This system should triumph where the Cadillac 4-6-8 failed because of the speed of modern electronic controls, the sophistication of the algorithms controlling the systems, and the use of electronic throttle control. The HEMI will be able to transition from eight cylinders to four in 40 milliseconds (0.04 seconds).
The system deactivates the valve lifters. This keeps the valves in four cylinders closed, and there is no combustion. In addition to stopping combustion, energy is not lost by pumping air through these cylinders.
Fuel economy gains go up to 20 percent under various driving conditions, with a 10 percent (or so) aggregate improvement, without any change in customer experience—drivers will receive the benefit without changing their driving habits or losing power.
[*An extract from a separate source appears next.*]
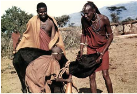
La sangre de buey es usada como medicina y como alimento.

Don Sherman's article in Automobile noted described a test of the MDS. They found that only four cylinders were used during 17% of the suburban traffic portion of the test, during a full 48% of the freeway test which included "over 70 mph" speeds.
Overall, they found that the engine powered down to four cylinders about 40% of the time. Non-enthusiast drivers may experience even more savings. As with most testers (including us), Don was generally unable to detect the changes from four to eight cylinders and back again.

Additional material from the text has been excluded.